Разве это не смешно?
— Не слишком, — заметил он абсолютно справедливо, — но мне трудно это понять, меня никогда не интересовала карьера определенного толка. Как правило, имеются два мотива — властолюбие и стяжательство. Чего тебе не хватало?
— Сейчас ты пытаешься засунуть меня в рамки действующей агрессивно-патриархальной модели. Но власть для меня, как и для большинства женщин — это всего лишь средство для конструктивных изменений к лучшему, не более… Впрочем, это отдельный разговор… Ты разрешишь сделать мне несколько звонков в связи с отъездом?
— Ради бога! Я уйду на кухню.
Я коротко попрощалась со своими старыми и новыми друзьями и выслушала добрые пожелания в свой адрес. Уж, чем-чем, а дружбой в этой жизни обделена я не была! Как много замечательных писем хранилось бы сейчас в музеях, родись я лет на сто пятьдесят — двести раньше всеобщей телефонизации! Я украшала бы эти письма маленькими черненькими силуэтами, испещряя витиеватые строчки взволнованными знаками вопросов и восклицаний, и небрежно зачеркнутые фразы свидетельствовали бы только об одном — раздвоенное гусиное перо не поспевает за движениями души, как клавиатура Pentium, которая так и норовит бежать впереди еще толком не оформленной мысли, вставляя неуместные замечания типа: «предложение слишком длинное с точки зрения выбранного вами пиитического штиля», либо: «слово вульгарное и не подходит для деловой переписки новых русских».

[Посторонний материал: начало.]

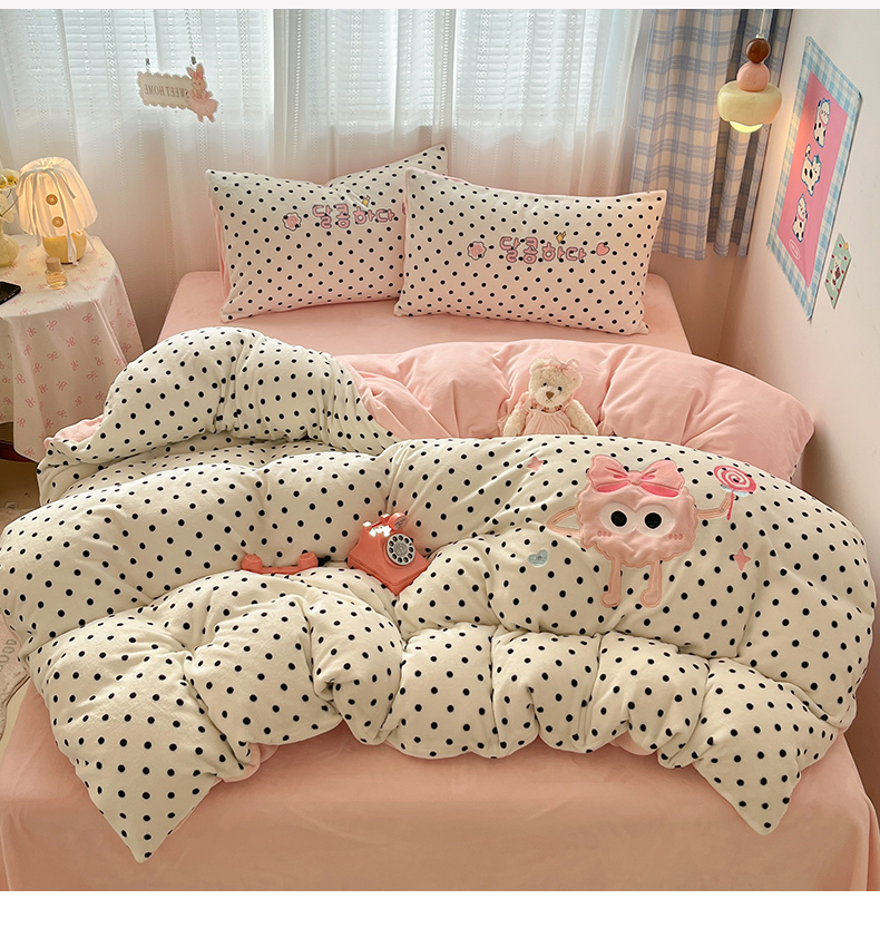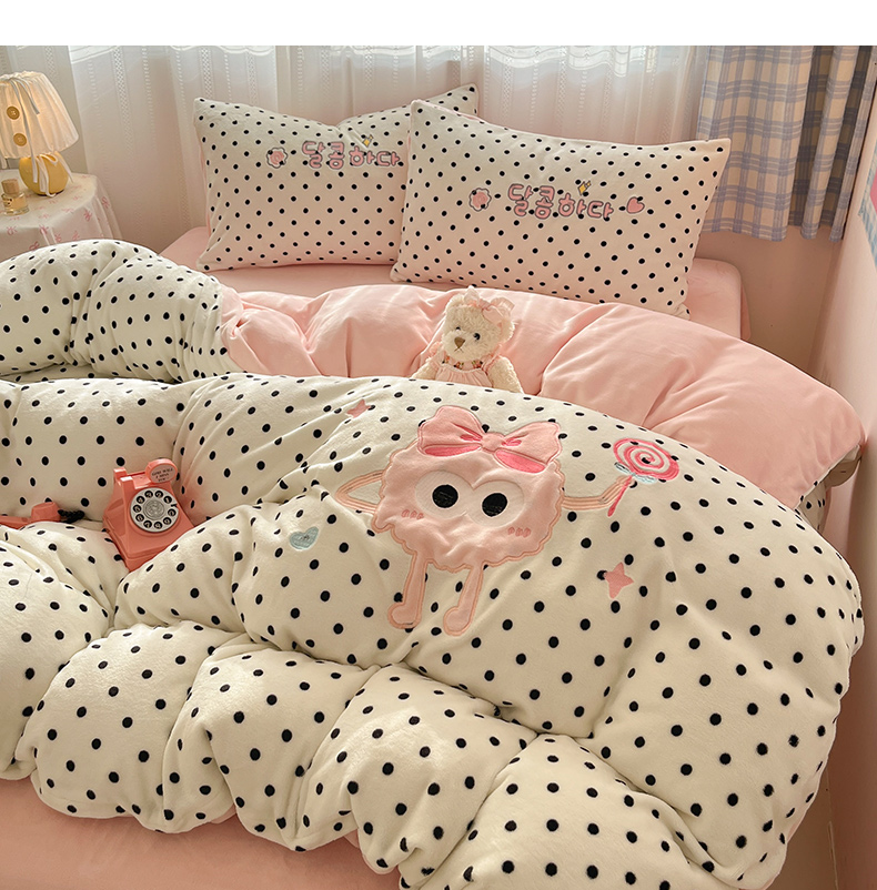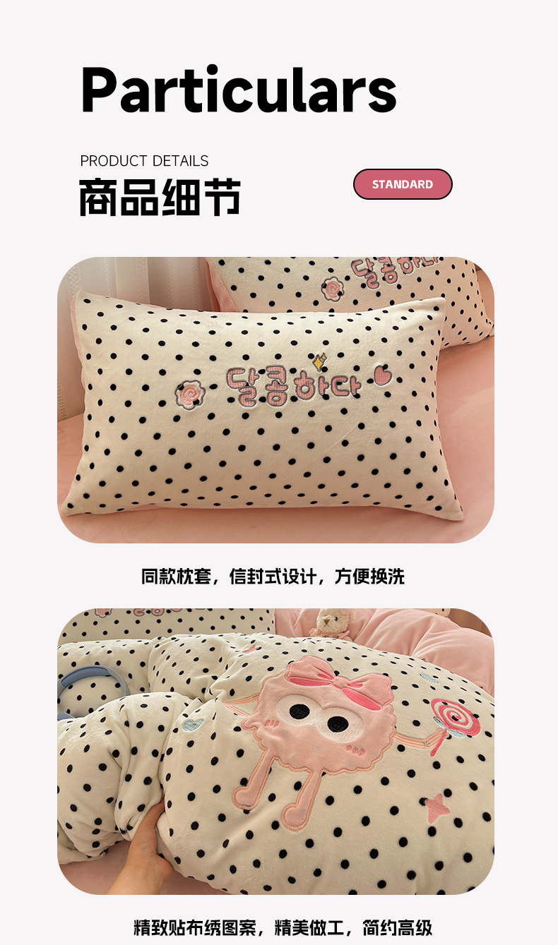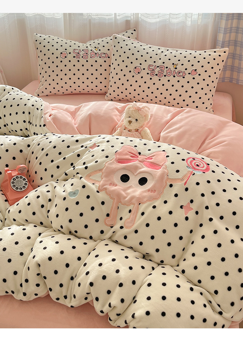 商品名称:红嘴企鹅 2025新款精致贴布绣牛奶绒四件套 棒棒糖-粉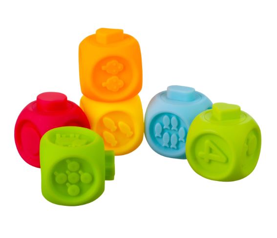 W zestawie znajduje sie 6 różnokolorowych miękkich klocków, które można ze sobą łączyć.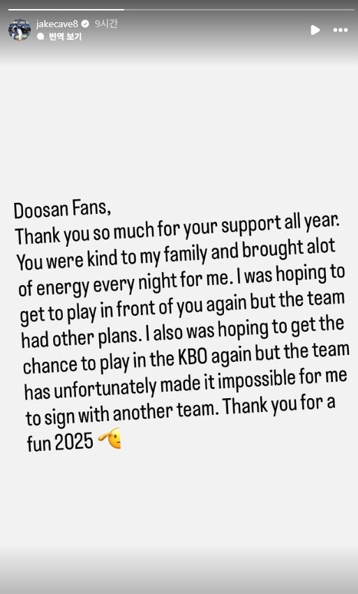 [제이크 케이브 인스타그램 캡처] 외국인 타자 제이크 케이브가 프로야구 두산 베어스와의 재계약에 실패한 가운데 본인 SNS를 통해 팬들에게 메시지를 남겼습니다. 이 메시지에는 소속 구단의 허락이 없으면 다음 시즌 KBO 리그에서 뛸 수 없는 제도에 대한 아쉬움도 포함되어 있었습니다. 케이브는 오늘(27일) 본인의 인스타그램에 \"1년 내내 내게 보내준 팬들의 성원에 감사하다\"며 \"우리 가족에게 친절을 베풀어주었고, 나에게 매일 에너지를 주었... 현황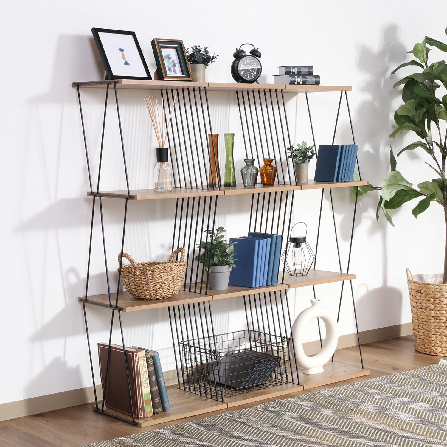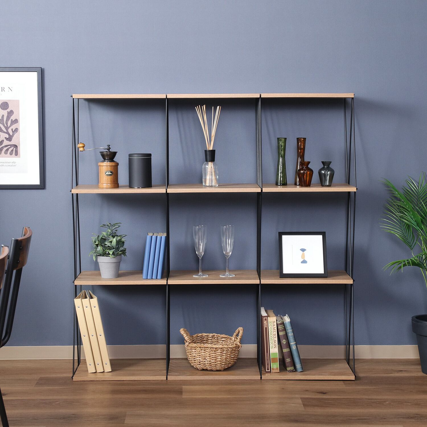 EZBOワイヤーディスプレイラックは、リビングやオフィス、店舗など、さまざまな場面で活躍します。組み立てが簡単なので、必要なときにすぐに使用開始できます。シンプルで洗練されたデザインは、どんなインテリアにも調和し、空間を広く見せる効果もあります。

— Мой милый, — укоряла бы я Барона из Михайловского, — поэзия твой родной язык, слышно по выговору, но, кто ж виноват, что ты столь же редко говоришь на нем, как дамы 1807-го года на славяно-росском?
— Пишу тебе в гостях с разбитой рукой — упал на льду не с лошади, а с лошадью; большая разница для моего наезднического честолюбия, — писал бы он мне из Тригорского, — пришли мне бумаги почтовой и простой, если вина, так и сыру не забудь, и (говоря по делилевски) витую сталь, пронзающую засмоленную главу бутылки — т. е. штопер.
Говорить по делилевски, вероятно, и означало для Барона использовать поэзию как свой родной язык, и тогда мы оба понимали бы это выражение совершенно точно, а сейчас, спустя сто шестьдесят пять лет, смысл его, утерянный в складках истории, для нас обоих был понятен скорее интуитивно. С записками в дупло, правда, получилась бы накладка — их попросту бы не оказалось, как и в романе, но исследователи дупла, предпочитая расхожее мнение первоисточнику, решили бы, что самое интимное я сжигала упоительными российскими вечерами в большом камине.